Completeness: refers to whether all relevant data has been collected and transmitted by the WSN [16][17]. Incomplete data can lead to inaccurate or misleading results.
Relevance: refers in the article [16] to whether the information provided by a WSN is useful and applicable for its intended purpose. Irrelevant data can waste resources and reduce overall system performance.
Redundancy: refers to the information overlap among different sensor nodes, and can be measured via investigating the similarity of their sensing results [18]. Data provided by a sensor node that is similar to the one provided by another node is likely to be redundant.
Consistency: refers to whether the information provided by a WSN is internally consistent and free from contradictions or errors [16]. Inconsistent data can lead to incorrect conclusions or decisions.
Trustworthiness: refers to whether the information provided by a WSN can be trusted by its intended recipients [16]. This includes factors such as data integrity, security, and privacy.
Volume : defines the data volume attribute of a WSN as the size of the data set which can be used to describe the working state for a given sensor node, including data collected by the node, and meta-data describing it. [19] [17].

The authors of [20] propose 3 metrics based on the previously cited attributes: currency, availability and validity. The definitions ensure that all the parameters are interpretable and obtainable. Furthermore, the paper demonstrates the feasibility of proposed metrics by applying them to real-world data sources.

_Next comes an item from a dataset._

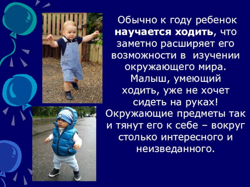 Слайд 4 Обычно к году ребенок научается ходить, что заметно расширяет его
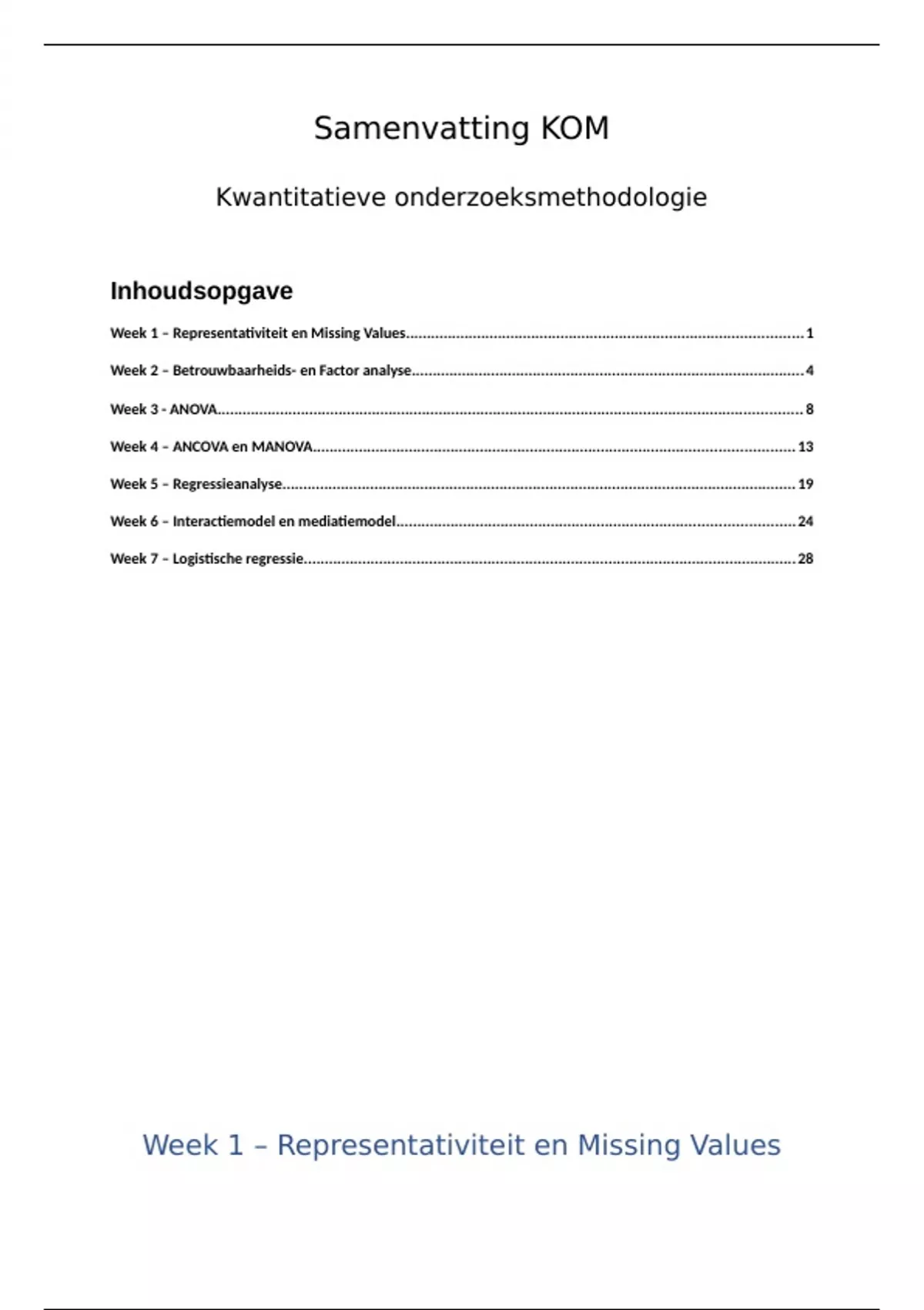 Samenvatting Kwantitatieve Onderzoeksmethodologie (KOM) MAN-BPRA247)

2.2. Aggregated information

There are numerous criteria in the literature to assess the quality of aggregated information in a WSN (also refered to as QoI) [16][21], we can cite a few:

Shannon entropy: is a measure of the amount of uncertainty or randomness in a system. It was introduced by Claude Shannon in 1948 as a way to quantify the amount of information contained in a message or signal [21]. The entropy of a system is defined as the average amount of information needed to describe the state of the system. In other words, it is a measure of the amount of "surprise" or "uncertainty" associated with the system. Shannon entropy has applications in a wide range of fields, including information theory, cryptography, statistical physics, and computer science.
User requirements responding: refers to the information needs of users in a WSN. These requirements are based on a set of attributes that define the Quality of Information (QoI) that users expect from the system [16]. The article also suggests that user requirements can be thought of as measured information based on a specific set of attributes and, notes that users in a WSN may not necessarily be human, but could also be other systems or applications that rely on the data provided by the WSN.
Error probability: is defined as a measure of the likelihood that an error will occur in the dissemination of information acquired/extracted/transmitted in a wireless sensor network (WSN).
Path Weakness: is a game-theoretic metric used to measure the qualitative performance of different routing mechanisms in WSNs. The approach uses qualitative performance as a QoI characteristic and uses a sensor-centric concept. According to the article, path weakness is calculated by considering the probability that an attacker can successfully launch an attack on a given path in the network. The higher the path weakness, the more vulnerable the path is to attacks and therefore, lower its QoI.
Transient Information level: is a key metric used to define the QoI assigned to a message in a WSN. According to the article, transient information level is defined as the product of information and projected physical distance of that information from destination node. In other words, transient information level takes into account both the amount of information being transmitted and how far it needs to travel to reach its destination. This approach is relevant to QoI information transport block as attributes related to information transport such as timeliness of information are used.
Peak Signal-to-Noise Ratio (PSNR): is a metric used to measure the quality of a reconstructed signal compared to its original form. It is commonly used in image and video processing applications to evaluate the fidelity of the reconstructed signal. However, this approach only focuses on accuracy and does not consider other attributes such as timeliness for timely arrival of information for decision making.

2.3. Knowledge

This stage of the data cycle implies historical data to make adequate conclusions for the decision-making process. The criteria we will be based on are those used in Data Mining to evaluate the learning quality. We can give as examples:

Recall: is a metric used to evaluate the performance of a classification model in machine learning. It measures the proportion of actual positive cases that were correctly identified by the model, out of all positive cases in the data set.
False-positive Rate: is another metric used to evaluate the performance of a classification model in machine learning. It measures the proportion of negative cases that were incorrectly classified as positive by the model, out of all negative cases in the data set.
Overall Success Rate: is somehow a combination of both Recall and False-positive rate. In other words, it is the proportion of negative cases that were correctly classified as negative by the model as well as positive cases correctly identified by the model.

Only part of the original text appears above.